2. Replace the contents of MainWindow.xaml.cs with this:

   using System;
   using System.Windows;
   
   namespace WpfApplication1
   {
       /// <summary>
       /// Interaction logic for MainWindow.xaml
       /// </summary>
       public partial class MainWindow : Window
       {
           public MainWindow()
           {
               InitializeComponent();
               Content = FooConverter.Convert(new Point(950, 500), new Point(850, 500));
           }
       }
   
       public static class FooConverter
       {
           public static string Convert(Point curIPJos, Point oppIJPos)
           {
               var ij = " Insulated Joint";
               var deltaX = oppIJPos.X - curIPJos.X;
               var deltaY = oppIJPos.Y - curIPJos.Y;
               var teta = Math.Atan2(deltaY, deltaX);
               string result;
               if (-Math.PI / 4 <= teta && teta <= Math.PI / 4)
                   result = "Left" + ij;
               else if (Math.PI / 4 < teta && teta <= Math.PI * 3 / 4)
                   result = "Top" + ij;
               else if (Math.PI * 3 / 4 < teta && teta <= Math.PI || -Math.PI <= teta && teta <= -Math.PI * 3 / 4)
                   result = "Right" + ij;
               else
                   result = "Bottom" + ij;
               return result;
           }
       }
   }
   

3. Set build configuration to "Release" and build, but do not run in Visual Studio.

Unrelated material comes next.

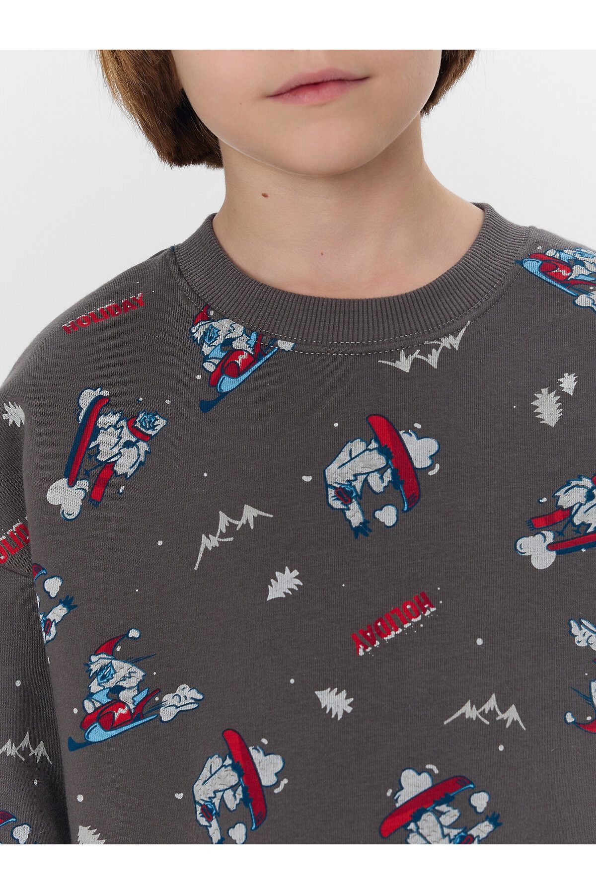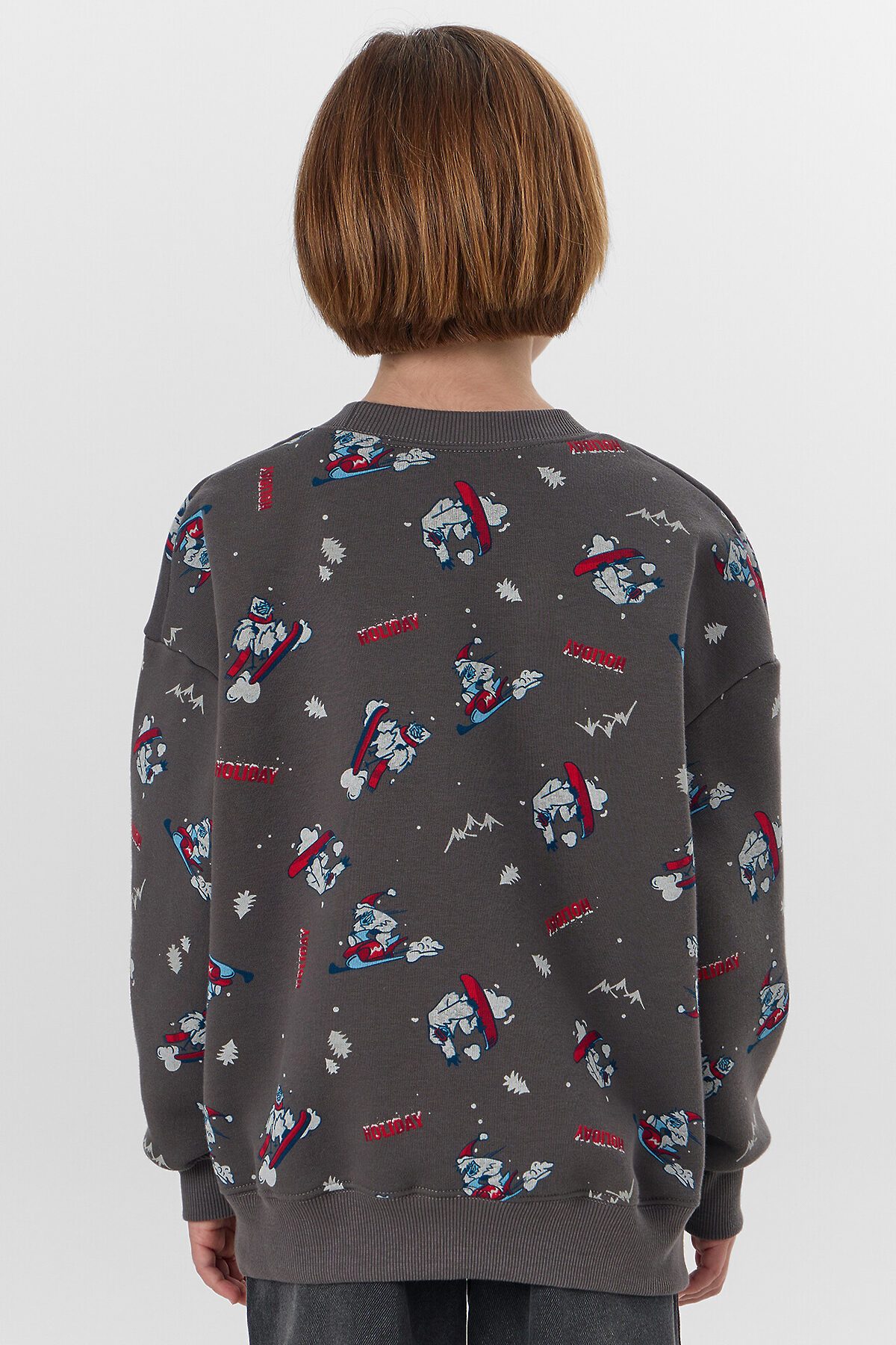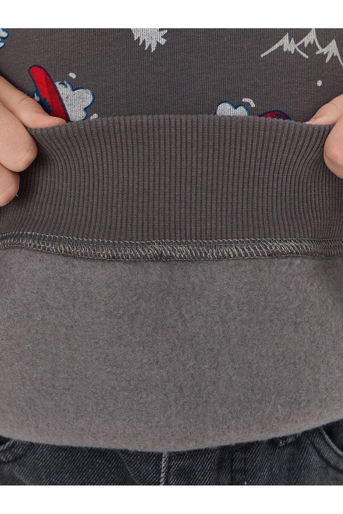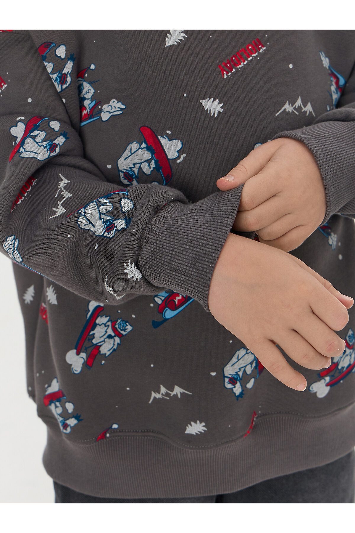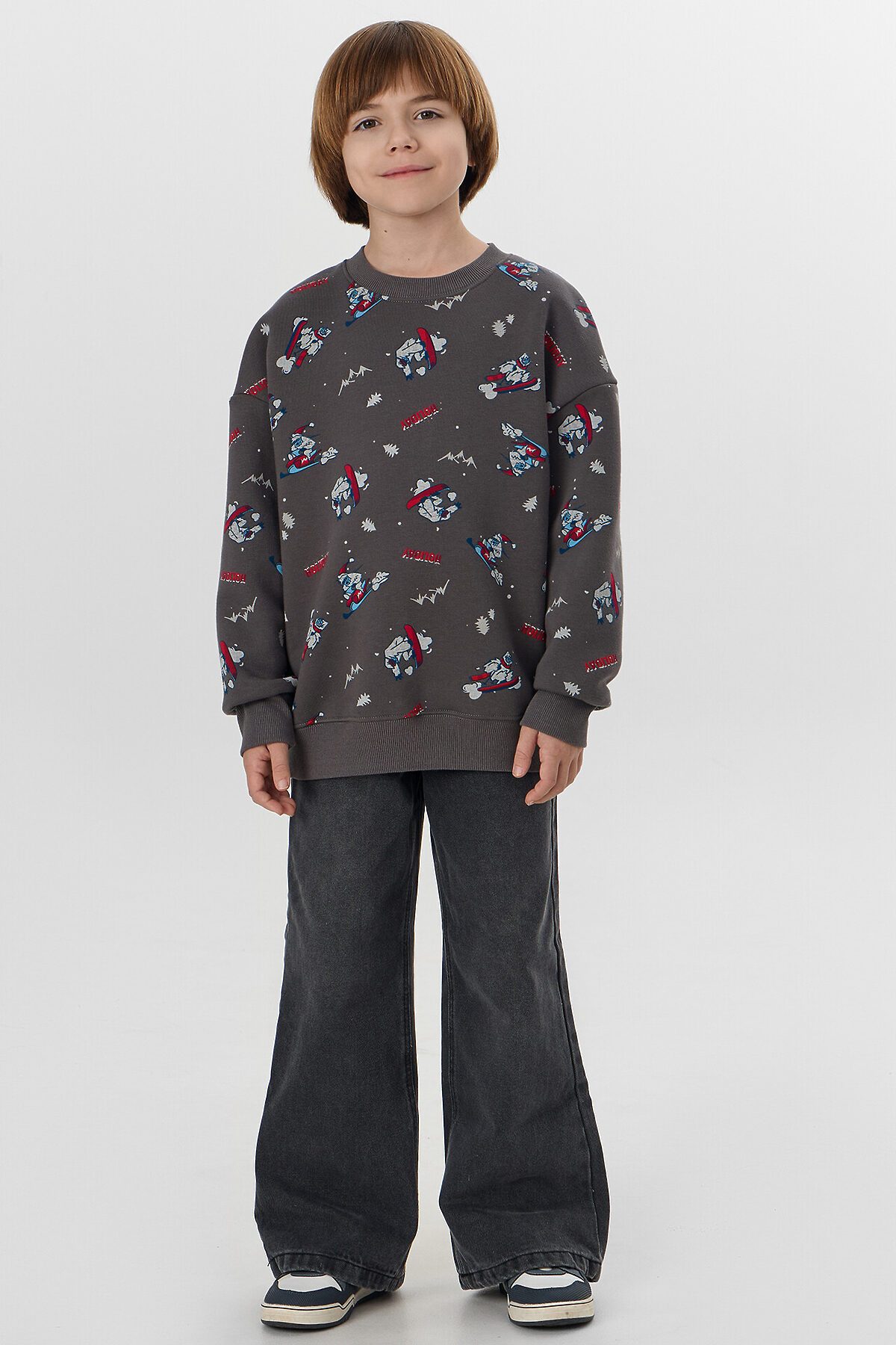 Джемпер изготовлен из футера. Джемпер свободного силуэта. Горловина округлой формы обработана обтачкой из рибаны. Рукава втачные длинные с отрезными манжетами из рибаны. По низу джемпера отрезной пояс из рибаны, отстрочен.

4. Double-click the built exe to run it.
5. Note that the window shows "Bottom Insulated Joint".

6. Now add this line just before "string result":

   string debug = teta.ToString();
   

7. Repeat steps 3 and 4.

8. Note that the window shows "Right Insulated Joint".

This behavior was confirmed on a colleague's machine. Note that the window consistently shows "Right Insulated Joint" if any of the following are true: the exe is run from within Visual Studio, the exe was built using the Debug configuration, or "Prefer 32-bit" is unchecked in project properties.

It's quite difficult to figure out what's going on, since any attempt to observe the process appears to change the result.

Very few FPUs meet the IEEE standard (despite their claims). So running the same program in different hardware will indeed give you different results. The results are likely to be in corner cases that you should already avoid as part of using an FPU in your software.

IEEE bugs are often patched in software and are you sure that the operating system you are running today includes the proper traps and patches from the manufacturer? What about before or after the OS has an update? Are all bugs removed and bug fixes added? Is the C compiler in sync with all of this and is the C compiler producing the proper code?

Testing this may prove futile. You wont see the problem until you deliver the product.

Observe FP rule number 1: Never use an if(something==something) comparison. And rule number two IMO would have to do with ascii to fp or fp to ascii (printf, scanf, etc). There are more accuracy and bug problems there than in the hardware.

With each new generation of hardware (density) the affects from the sun are more apparent. We already have problems with SEU's on the planets surface, so independent of floating point calculations, you will have problems (few vendors have bothered to care, so expect crashes more often with new hardware).

By consuming enormous amounts of logic the fpu is likely to be a very fast (a single clock cycle). Not any slower than an integer alu. Do not confuse this with modern fpus being as simple as alus, fpus are expensive. (alus likewise consume more logic for multiply and divide to get that down to one clock cycle but its not nearly as big as the fpu).

Keep to the simple rules above, study floating point a bit more, understand the warts and traps that go with it. You may want to check for infinity or nans periodically. Your problems are more likely to be found in the compiler and operating system than the hardware (in general not just fp math). Modern hardware (and software) is, these days, by definition full of bugs, so just try to be less buggy than what your software runs on.